La mère de famille se réfugie sur sa terrasse à l’étage. Elle reçoit alors un appel d’un voisin qui l’informe que les agresseurs ont une arme à feu. Déboussolée et paniquée, Sahida s’inquiète aussi pour son époux qui devrait rentrer d’un moment à l’autre. Pendant ce temps, au rez-de-chaussée, des panneaux de vitres volent en éclats. Les vandales saccagent également la BMW appartenant à Taz Lim, qui est garée dans la cour familiale.   

Alertée, une équipe de la police de Vallée-Pitot arrive sur place. Mais la bande a déjà quitté les lieux. « Kan lapolis inn vini monn rest plore, zot inn al cheke si mo misie korek dan masjid », relate Sahida. 
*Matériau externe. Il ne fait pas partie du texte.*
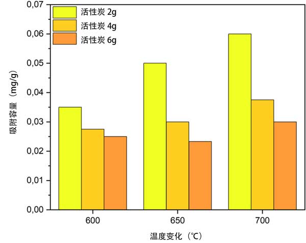 從測試結(jié)果可以看出,在700℃溫度下,吸附劑質(zhì)量為6g,濃度為0.2mg/L,降低百分比為90%。氨(NH3)濃度的降低與質(zhì)量變化的增加和活化溫度的升高成正比。吸附劑質(zhì)量越大且溫度越高,氨(NH3)濃度降低得越多。在圖2中,顯示了活性炭的吸附容量值。因此,可以得出結(jié)論,吸附劑質(zhì)量為2g、溫度為700℃時(shí)達(dá)到最高吸附容量,即0.06 mg/g。然而,盡管700℃下6g吸附劑質(zhì)量顯示出氨(NH3)濃度百分比降低,但與700℃下2g吸附劑質(zhì)量相比,其吸附容量仍然較低,為0.03mg/g。這是由于NH3吸附過程是由分子間相互作用驅(qū)動的,例如靜電引力、氫鍵、范德華相互作用等。此外,結(jié)果表明,源自肉豆蔻殼的活性炭可以有效降低氨(NH3)水平。那么活性炭具有良好的穩(wěn)定性,并通過吸附容量值證明。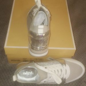 Michael Kors Billie knit trainer Aluminum designer shoes worn a few times still in like new condition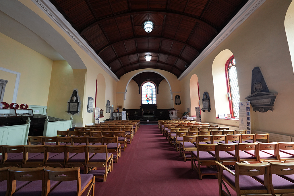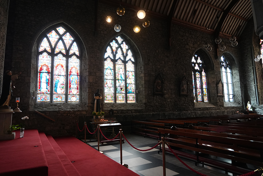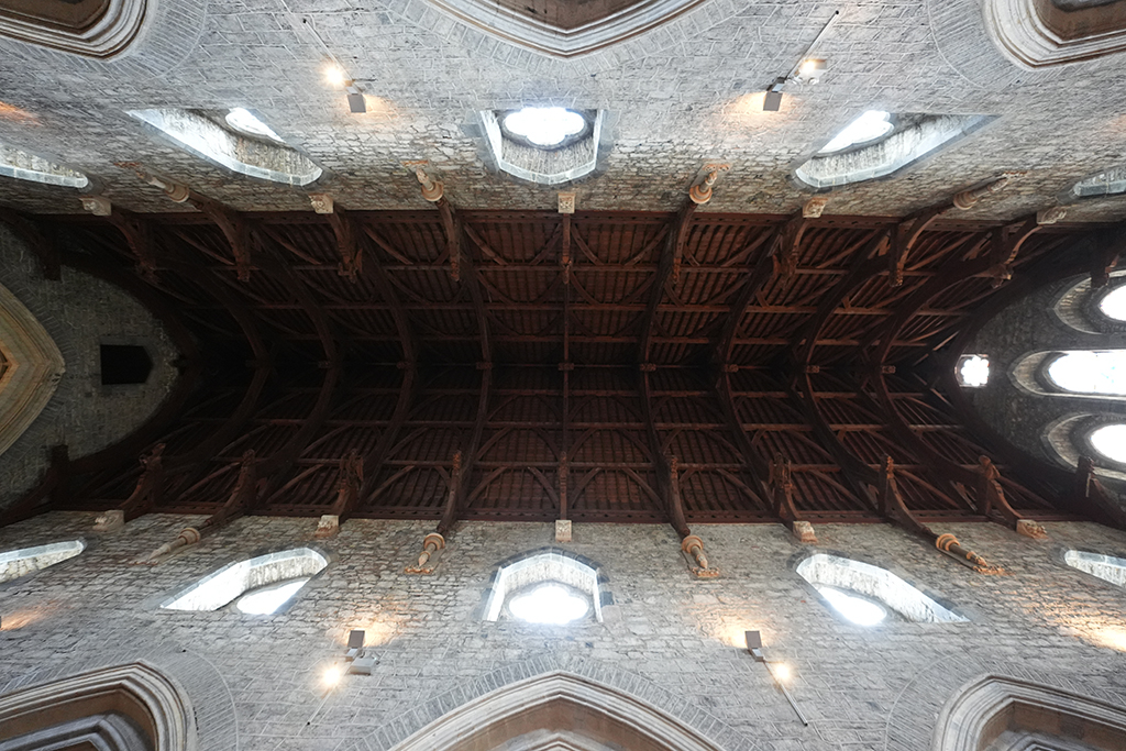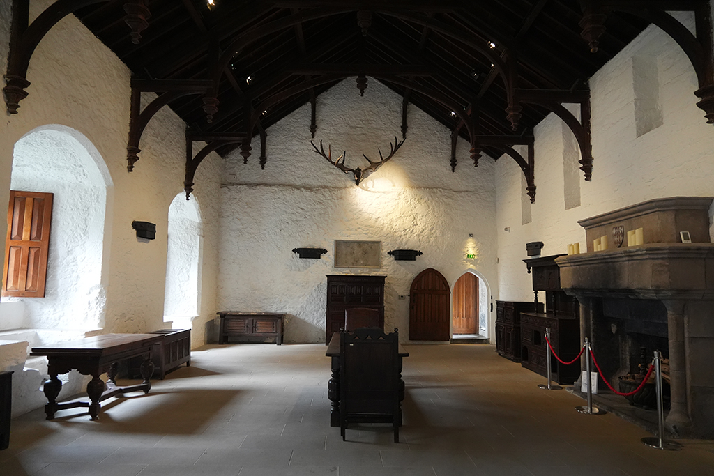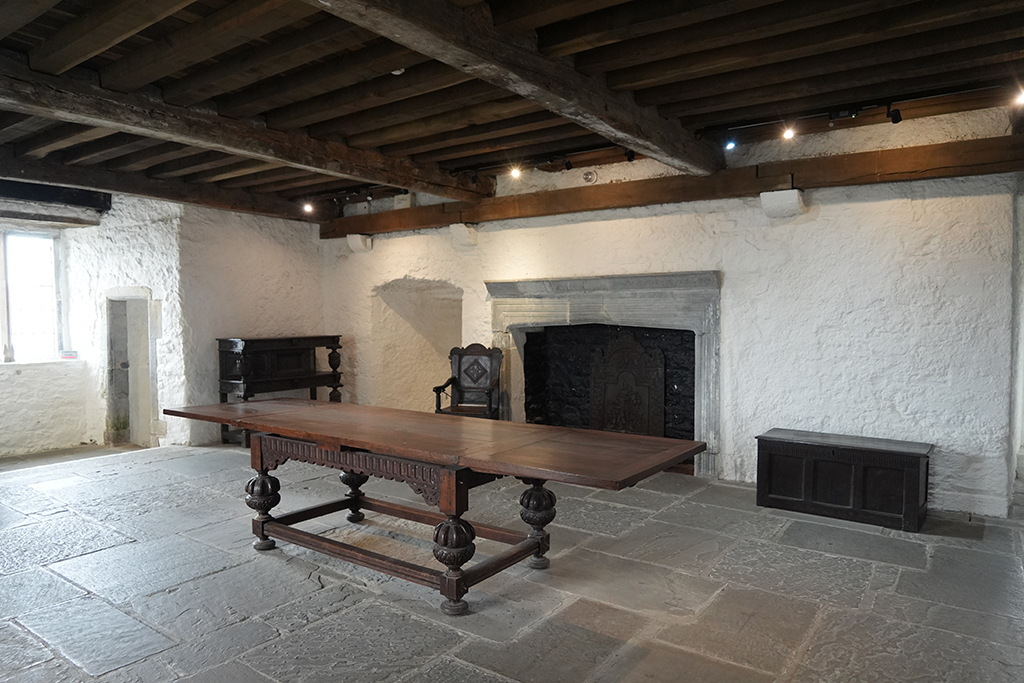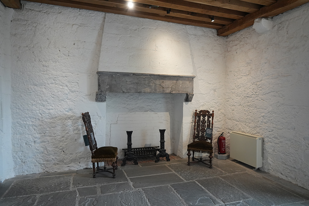 Aufenthaltsraum und Kapelle des ehemaligen mittelalterlichen Chores. Der Filmraum war der Schlafraum.

Plus tard dans la matinée, elle a parlé à son fils au téléphone. « Monn dir li aret sa bann zafer TikTok la. Nou pa mank nanie, noun travay rinte pou ariv kot nou ete zordi », relate-t-elle. Ce n’était pas la première fois, selon elle, qu’elle enjoignait Taz Lim de cesser ses allégations sur ce réseau social, de peur que l’affaire ne finisse pas dégénérer. « Quelqu’un l’avait déjà menacé de s’en prendre à sa famille », précise-t-elle. 

Sahida souhaite aujourd’hui que ses proches et elles soient placés sous la protection de la police. « Zame nou gagn sa kalite problem la… Tousa dega la, ziska ler lapolis pa dir pou donn nou proteksion », déplore-t-elle.